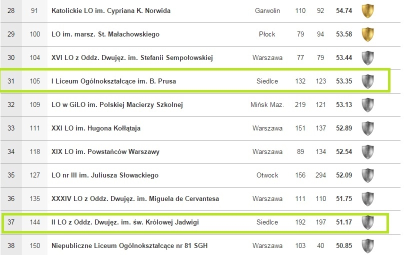 Na liście 500 najlepszych polskich liceów w tegorocznym rankingu "Perspektyw" znalazły się siedleckie licea Prus i Królówka. I LO im. B. Prusa sklasyfikowane zostało na 105 miejscu w kraju, a II LO z Oddz. Dwujęz. im. św. Królowej Jadwigi znalazło się na 144 miejscu. Obie szkoły w stosunku do wyników z ubiegłego roku poprawiły swoje lokaty.
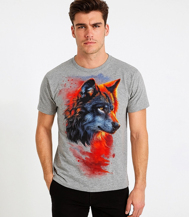 Men's large wolf print t-shirt cotton
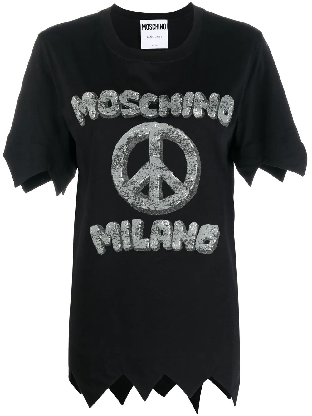 logo-print detail T-shirt Highlights - Jet black - Organic cotton - Zigzag edge - Logo print to the front - Round neck - Short sleeves Made in Italy Composition Organic Cotton 100% SIZE & FIT Model measurements Height 5 ft 10 in(1.78 m) Bust/Chest 32.28 in(82 cm) Hips 35.03 in(89 cm) Waist 23.22 in(59 cm) Washing instructions Hand Wash
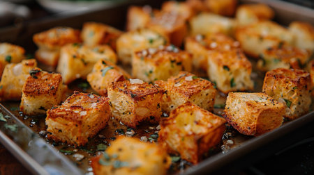 food photography, close-up of golden-brown garlic croutons on a baking sheet, ready to add crunch to a bowl of soup or salad
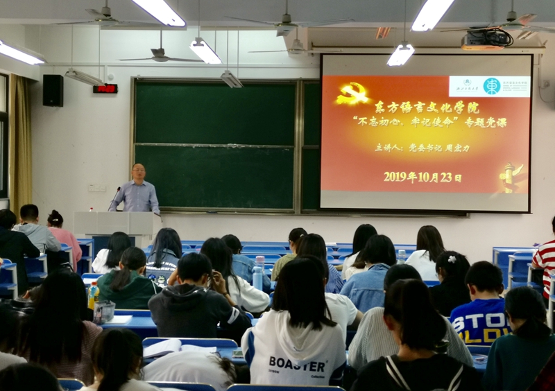 根据学院“不忘初心、牢记使命”主题教育工作安排,10月23日下午,学院召开主题教育专题党课,主讲人为学院党委书记周宏力老师。全体学生党员及19级新生入党申请人、入党积极分子参加党课。
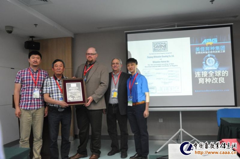 5月19日上午,在沈阳举办的2016中国畜牧业博览会上,美国国家种猪登记协会(National Swine Registry, NSR)和美佳育种集团(America’s Best Genetics, ABG),举办了第二届海外成员单位授牌仪式。NSR的全球技术服务副总裁道格拉斯.纽康博士,为两家新晋的中国成员单位,颁发了NSR/ABG种猪登记的牌匾。这两家企业分别是浙江沃德威先种猪有限公司及美国合作伙伴美国华特希尔育种集团,广东德兴种养实业有限公司和他们的美国合作伙伴美国谢福种猪基因公司,代表着这两家中国单位正式成为NSR/ABG的会员。
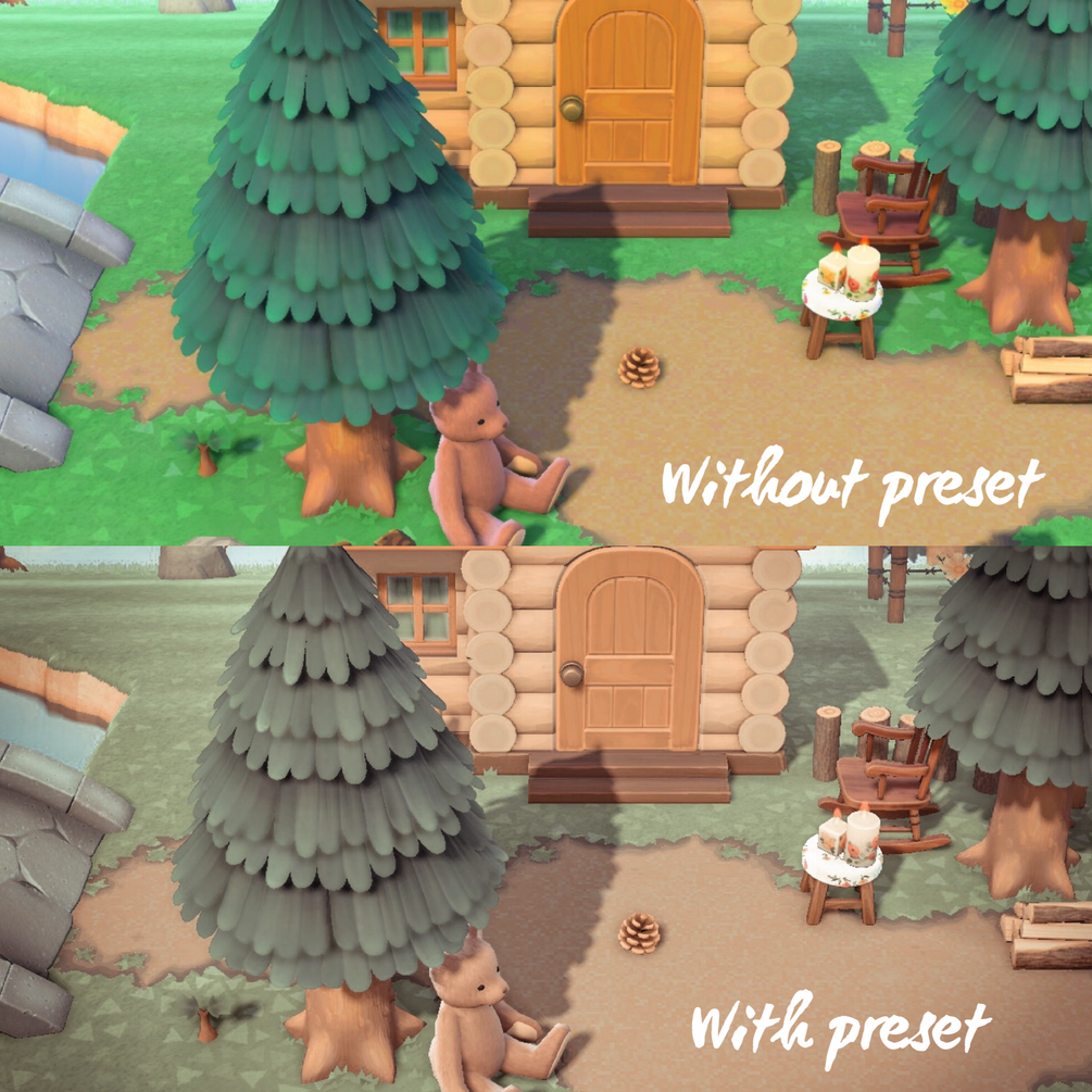 πΆπππππππ is is a Lightroom preset that turns animal crossing screenshots from their bright colours into a rich, deep fairy-like vibe. This preset focuses on the browns and greens, making it perfect for your forestcore island.Β
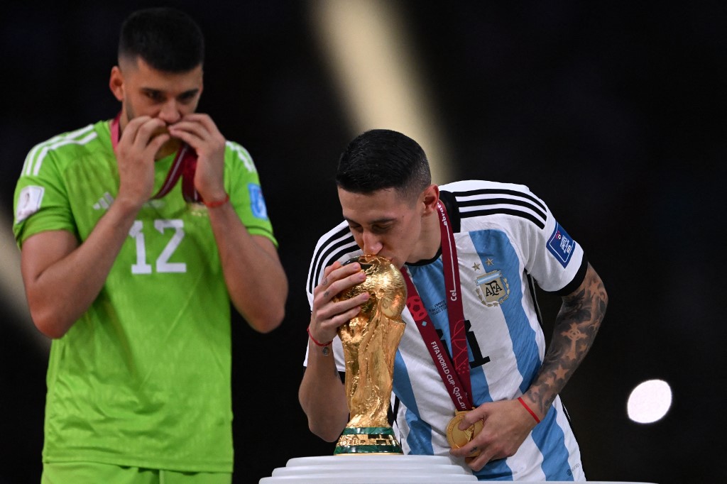 المنتخب الأرجنتيني على منصة التوويج في استاد "لوسيل" في الدوحة (أ ف ب).

+--

What to work on
Leave the pictures out. Transcribe exactly the lines from the one with "logo-print detail T-shirt" through the end of the records.

Result of this task
 logo-print detail T-shirt Highlights - Jet black - Organic cotton - Zigzag edge - Logo print to the front - Round neck - Short sleeves Made in Italy Composition Organic Cotton 100% SIZE & FIT Model measurements Height 5 ft 10 in(1.78 m) Bust/Chest 32.28 in(82 cm) Hips 35.03 in(89 cm) Waist 23.22 in(59 cm) Washing instructions Hand Wash
 food photography, close-up of golden-brown garlic croutons on a baking sheet, ready to add crunch to a bowl of soup or salad
 根据学院“不忘初心、牢记使命”主题教育工作安排,10月23日下午,学院召开主题教育专题党课,主讲人为学院党委书记周宏力老师。全体学生党员及19级新生入党申请人、入党积极分子参加党课。
 5月19日上午,在沈阳举办的2016中国畜牧业博览会上,美国国家种猪登记协会(National Swine Registry, NSR)和美佳育种集团(America’s Best Genetics, ABG),举办了第二届海外成员单位授牌仪式。NSR的全球技术服务副总裁道格拉斯.纽康博士,为两家新晋的中国成员单位,颁发了NSR/ABG种猪登记的牌匾。这两家企业分别是浙江沃德威先种猪有限公司及美国合作伙伴美国华特希尔育种集团,广东德兴种养实业有限公司和他们的美国合作伙伴美国谢福种猪基因公司,代表着这两家中国单位正式成为NSR/ABG的会员。
 πΆπππππππ is is a Lightroom preset that turns animal crossing screenshots from their bright colours into a rich, deep fairy-like vibe. This preset focuses on the browns and greens, making it perfect for your forestcore island.Β
 المنتخب الأرجنتيني على منصة التوويج في استاد "لوسيل" في الدوحة (أ ف ب).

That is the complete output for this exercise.